As cereal grains go, barley is a winner when it comes to good nutrition. This centuries-old grain is packed with fiber, contains important vitamins and minerals, is slim on fat, and, like all plant products, cholesterol-free. Here’s a closer look:
Barley is a great source of dietary fiber and actually contains both soluble and insoluble fiber. Soluble fiber is effective in lowering blood cholesterol and can reduce the risk of heart disease. Soluble fiber is also beneficial in slowing the absorption of sugar and reducing the risk for developing type 2 or non-insulin-dependent diabetes. The insoluble fiber found in barley may be beneficial in helping the body maintain regular bowl function. Insoluble fiber may also help lower the risk for certain cancers such as colon cancer.
Cholesterol and fat
Like all plant foods, barley is naturally cholesterol-free and low in fat. A 1/2-cup serving of cooked pearl barley, a typical grain serving, contains less than 1/2 gram of fat and only 100 calories*
*Source: USDA Nutrient Database for Standard Reference 13 (November 1999)
Vitamins and minerals
Barley contains several vitamins and minerals including niacin (Vitamin B3), thiamine ( Vitamin B1), selenium, iron, magnesium, zinc, phosphorus and copper.
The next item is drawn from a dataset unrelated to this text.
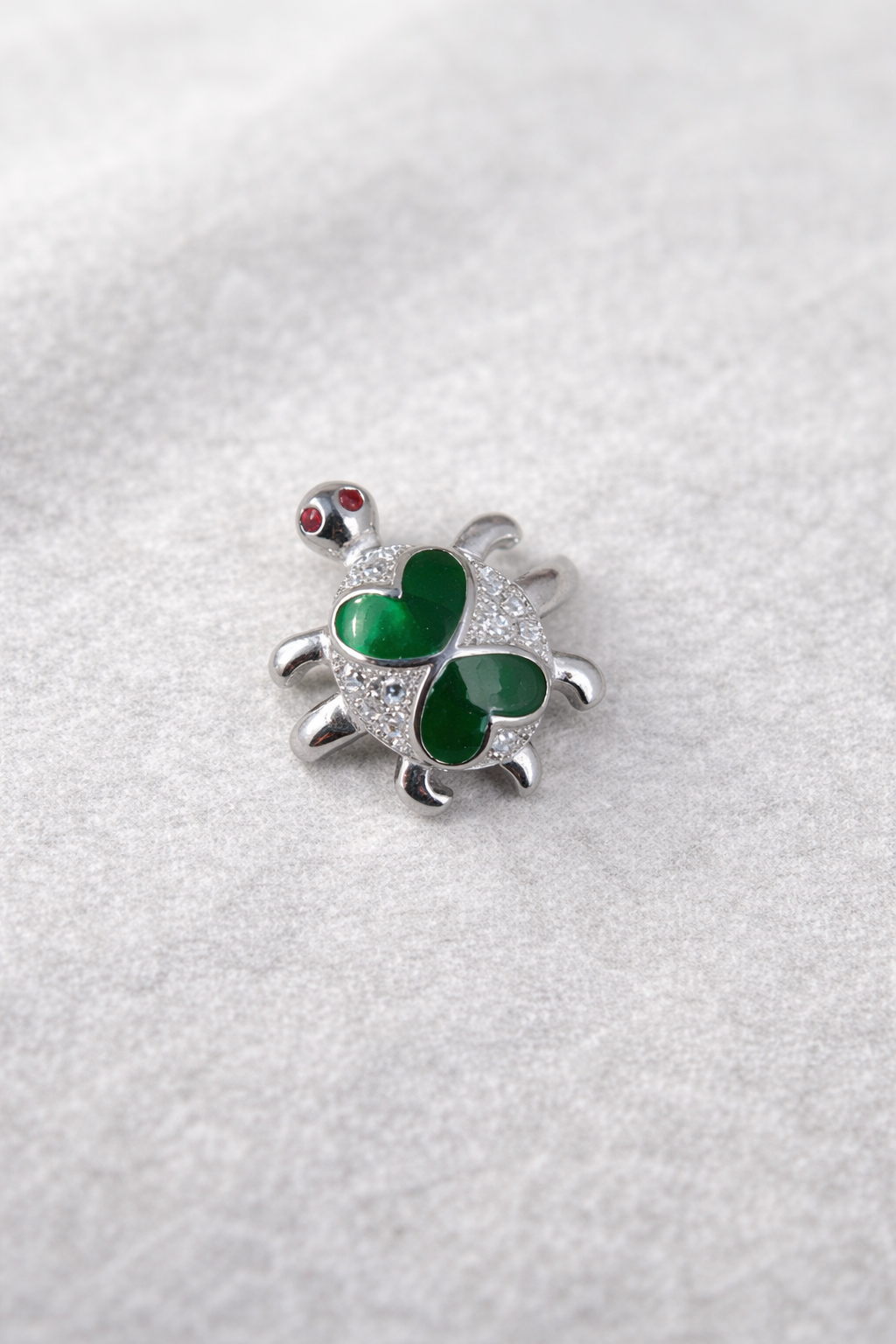 The ring features a cute tortoise motif adorned with rich green enamel detailing that gives it a vibrant and eye-catching appeal. Sparkling white diamond-like stones (high-quality zircon) are embedded delicately to enhance its shine and sophistication. Crafted from premium 925 sterling silver, this ring ensures durability, skin-friendliness, and long-lasting shine.

Barley contains antioxidants, which are also important for maintaining good health. Specifically, antioxidants work to slow down the rate of oxidative damage by gathering up free radicals that form when body cells use oxygen.
Barley contains phytochemicals, which are natural plant-based chemicals. Studies indicate that phytochemicals may decrease the risk for certain diseases such as heart disease, diabetes and cancer. More research is needed to confirm these results.